An autopsy report by pathologist J. Wallace Graham, a former chief medical examiner for Utah, says Hunt was shot six times and that three of the bullets entered his body from the back. A shot that hit the left thigh traveled from the left of the body to the right, and no direction was listed for the other two bullets that struck Hunt.
The Utah County Attorney's Office, which is investigating the incident, is awaiting the results of an autopsy by the state medical examiner to make a decision on whether the shooting was justified.
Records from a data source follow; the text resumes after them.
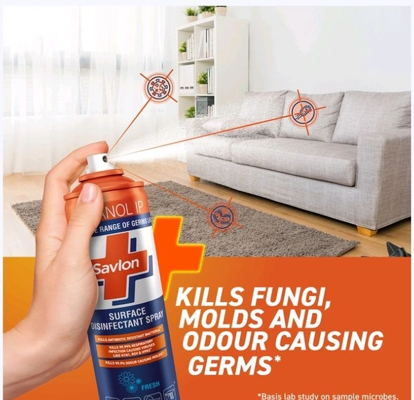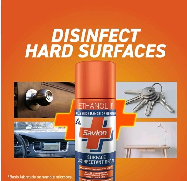 A wide variety of high traffic surfaces such as tables, door handles, chairs, carpets, curtains etc.are touched often by a number of different people and are a reservoir for a wide variety of germs and bacteria. Introducing, Savlon Surface Disinfectant Spray which will help keep you and your loved ones safe by killing a wide range of germs like bacteria, fungi, molds & virus. This versatile spray disinfects and deodorizes in one easy step. Savlon's unique spray formula can be used on various hard & soft surfaces to kill 99.99% germs around your home and leave the house smelling fresh and pleasant. It is also effective in killing H1N1, rotavirus and norovirus. Its active ingredient also kills antibiotic resistant germs. To use, shake the can. Hold the can at a distance of 15-20 cm on the desired surface to be disinfected and spray such that the surface is covered in mist. There is no need to wipe the surface. Allow it to air dry. Do not use on copper, brass, painted/shellacked/lacquered/ varnished surfaces (including treated/polished wood) or acrylic plastics. Basis in vitro study.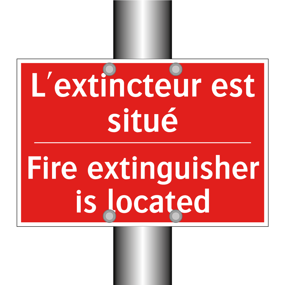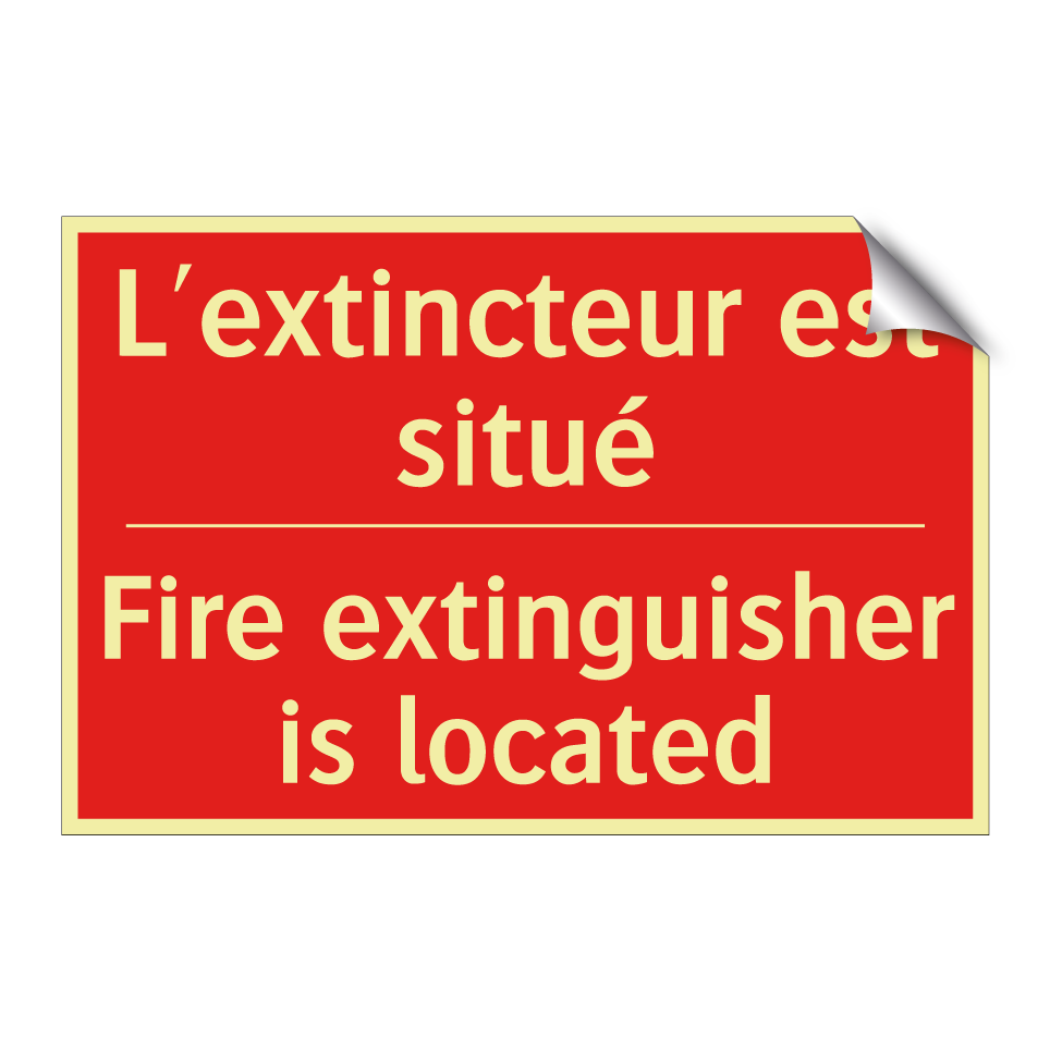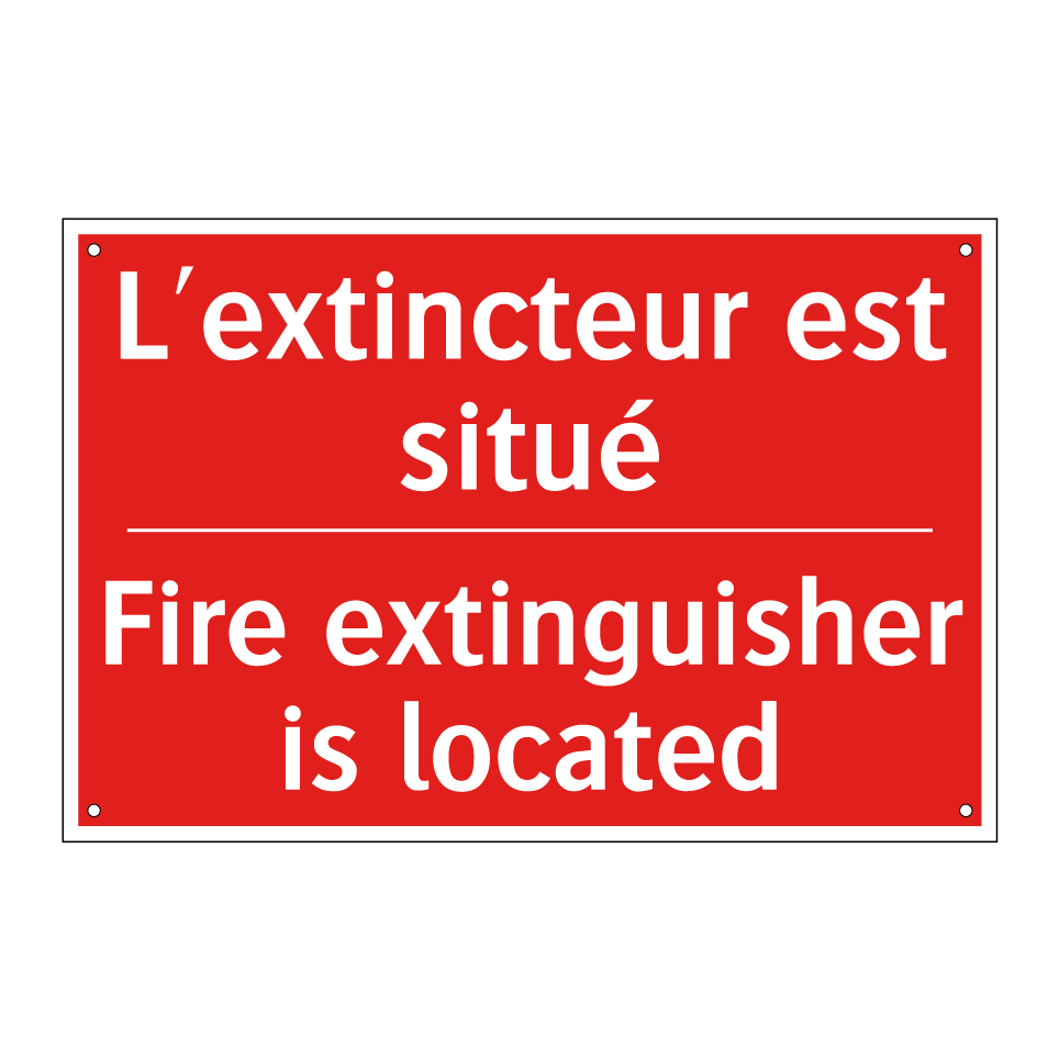 Panneau de signalisation incendie bilingue avec texte en français : "L'extincteur est situé", et en anglais : "Fire extinguisher is located"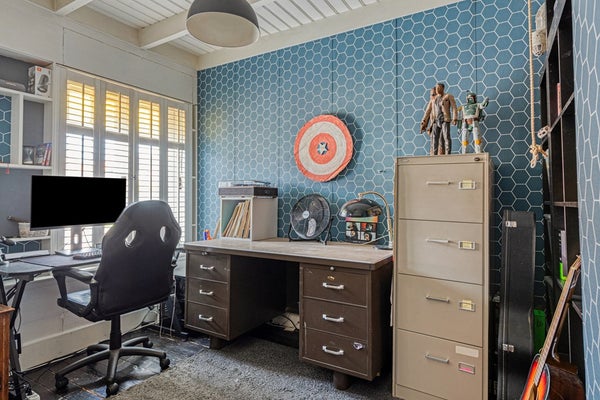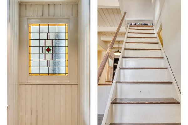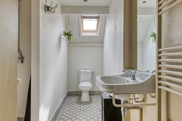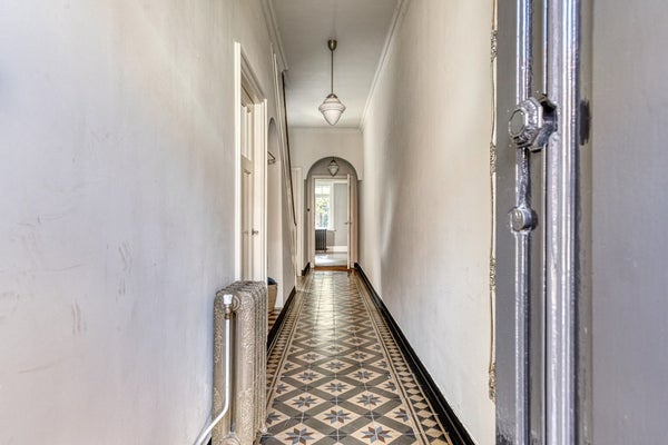 Via de karakteristieke voordeur kom je in een lange hal met gestucte wanden en een mooie authentieke tegelvloer die direct de sfeer van het huis weerspiegelt. Originele paneeldeuren, bakkelieten schakelaars en andere jaren ’20-details geven dit huis een uniek karakter.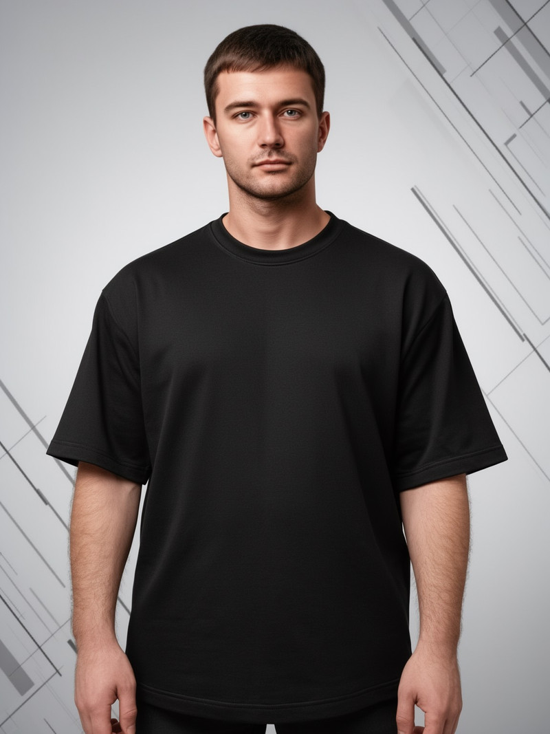 Однотонная мужская футболка оверсайз с округлым вырезом горловины в черном цвете от российского бренда НКstyle.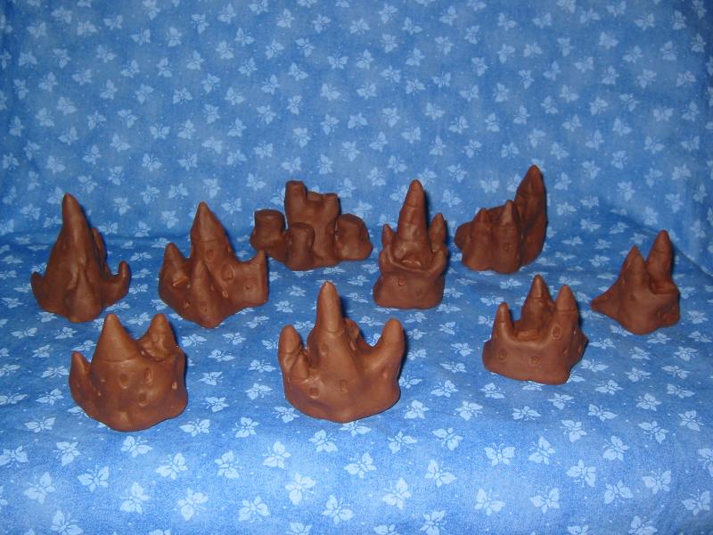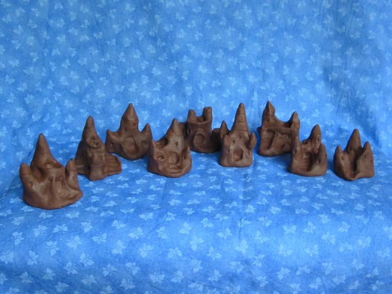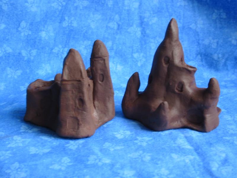 series of clay sand castles I made for a swap. these are still wet and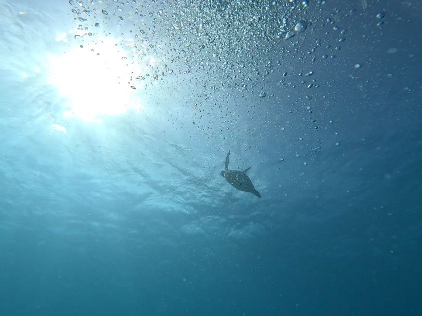 潜行ロープの下でじっとしている大きなウミガメや、休憩中に息継ぎに上がってくる姿は、何度見てもテンションが上がる瞬間だと思います。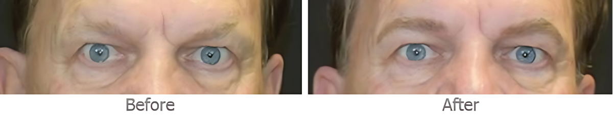 Side by side comparison image of a male clients eyebrows before and after a cosmetic tattoo procedure demonstrating improved shape density and definition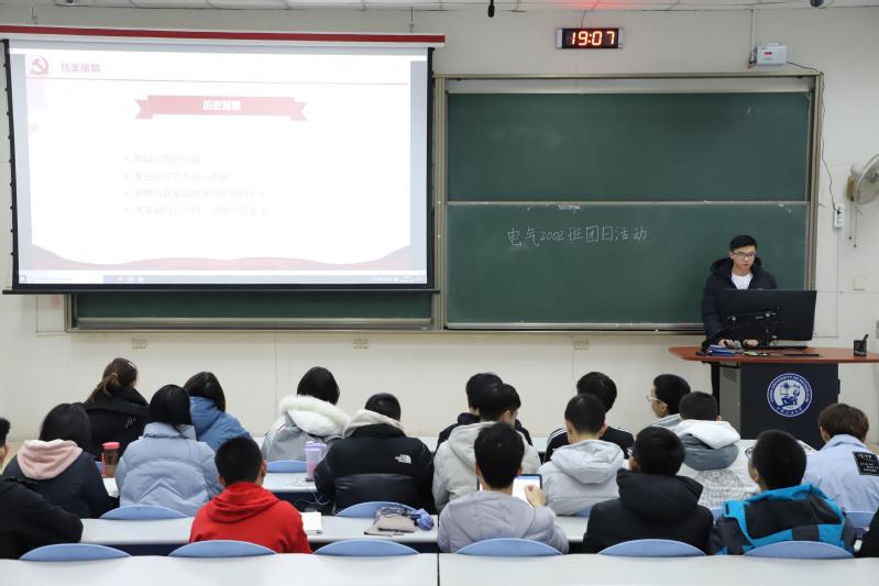 为加强爱国教育,弘扬抗美援朝的精神,11月23日晚,yl88858永利中国电气工程及其自动化专业2002班开展以抗美援朝为主题的团日活动。此次活动由yl88858永利中国电气2002班团支书徐瑞超主持,电气2002班全体学生参与此次活动。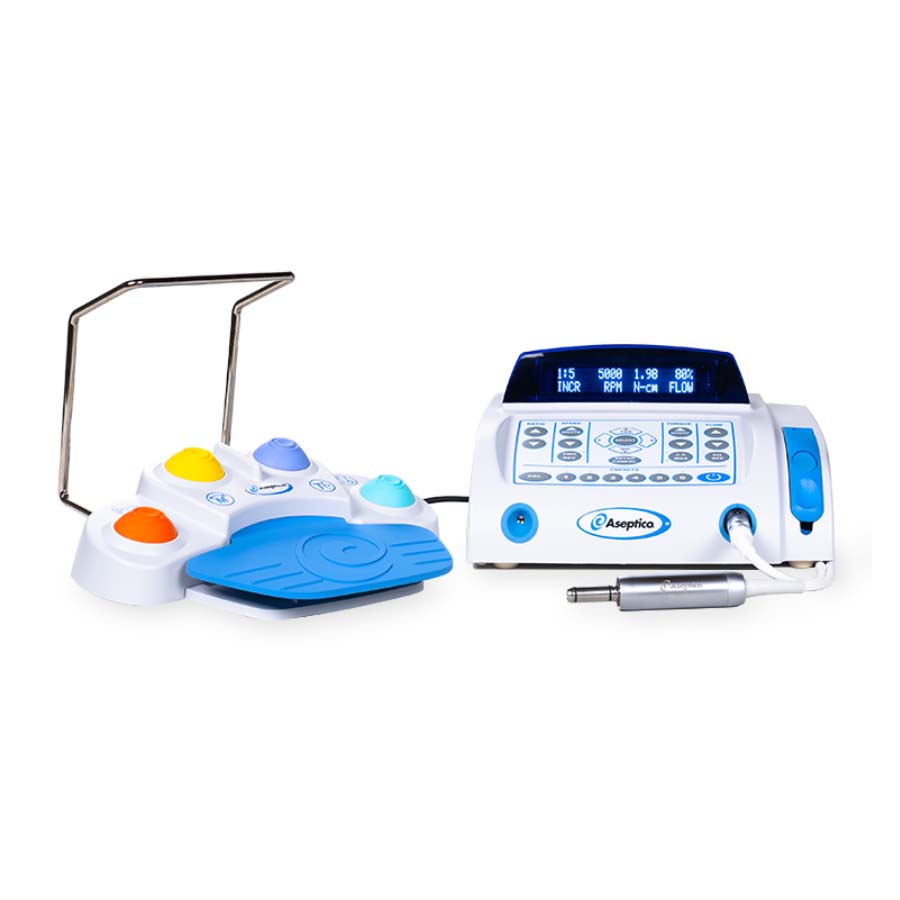 A multifunction foot control provides hands-free management of pump operation, flow rate, micromotor direction, preset selection, and torque.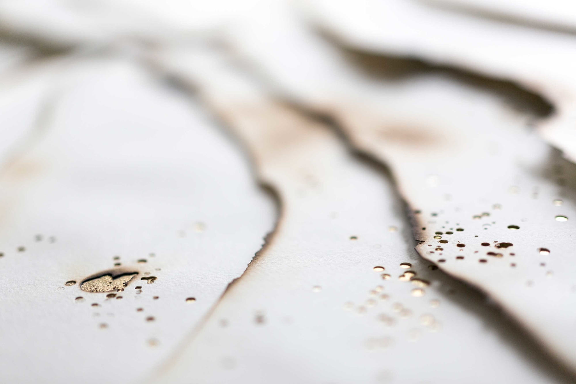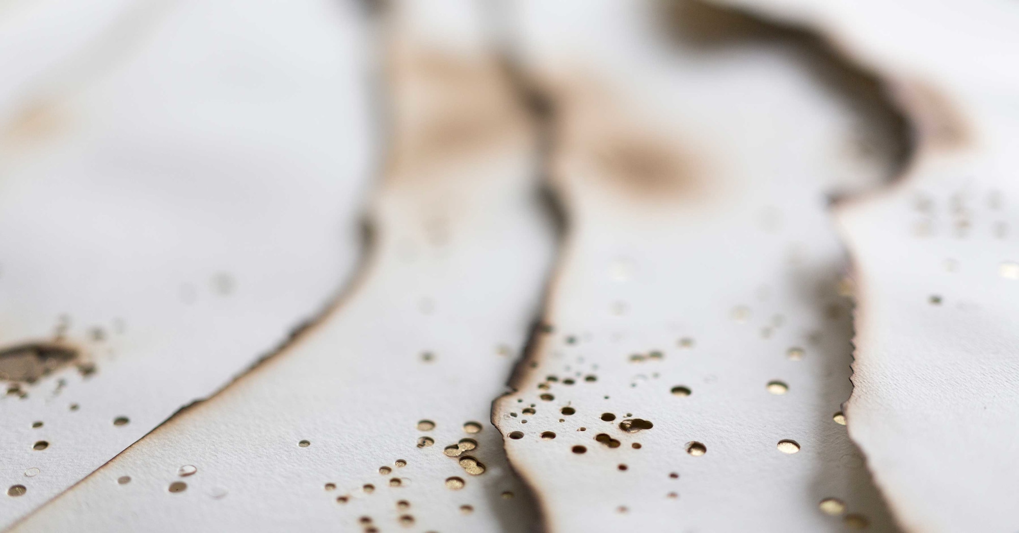 The work is dimensional paper sculpture - layers of fine art paper that are hand-cut, incised, pierced and burned, then embellished with gold leaf. Each piece is unique, given the unpredictable nature of working with flame.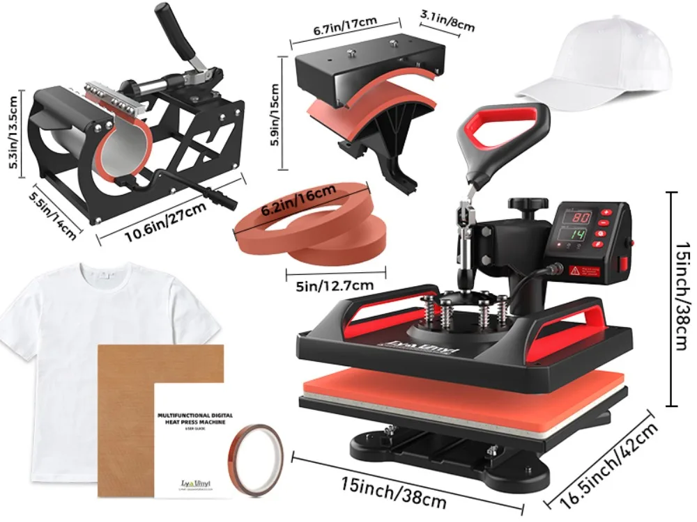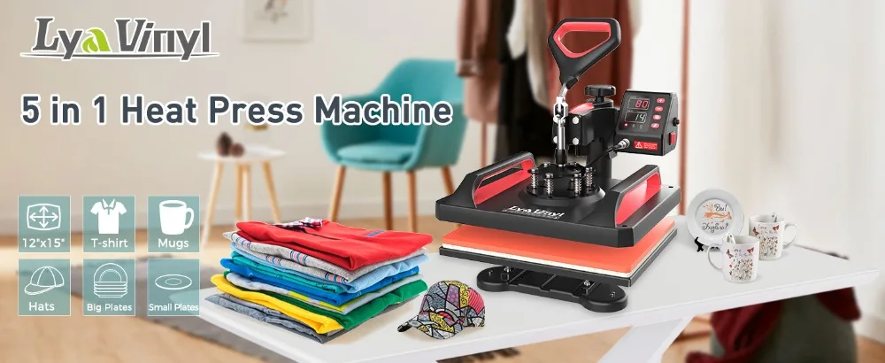 Lya Vinyl 5-in-1 Heat Press Machine 12×15 Inch Combo

Tim Taylor, deputy county attorney, has said Hunt did swing a sword at police, but he was not shot at that point and a pursuit followed.
Hunt's grandmother, Maria Jones, said she is "devastated" by her grandson's death. She pointed to the way the Secret Service handled a man who recently scaled the fence at the White House, and wondered why Hunt wasn't treated similarly.
"They wrestled him down. They shoot Darrien, and he didn't do anything," Jones said.
Some of the protesters said they believe the fact that Hunt was black played a part in the shooting. Nick Waitkevich said blacks are stereotyped in Utah.
And Sergio Kurzmann a friend of the Hunt family who was demonstrating with his wife, Cristina, and two of their daughters also thinks race was a factor.
"My wish is that they treat everyone the same," Kurzmann said.
Edward Peltekian, who was carrying a decorative sword as he protested, said the police were negligent in the shooting. He supports paying officers more and making a greater effort to weed out "trigger-happy hotheads" from the force.
Duane Domino, a friend of the family, thinks the protest will help pressure the police to provide answers on why Hunt was shot. Hunt's mother, Susan Hunt, hopes it also leads to change.
"Something good has to come out of this, and not just 'one kid dead and move on to the next story,' " she said.
A police spokesman said Friday that the department could not comment while an investigation is ongoing. No uniformed officers were present at Saturday's demonstration.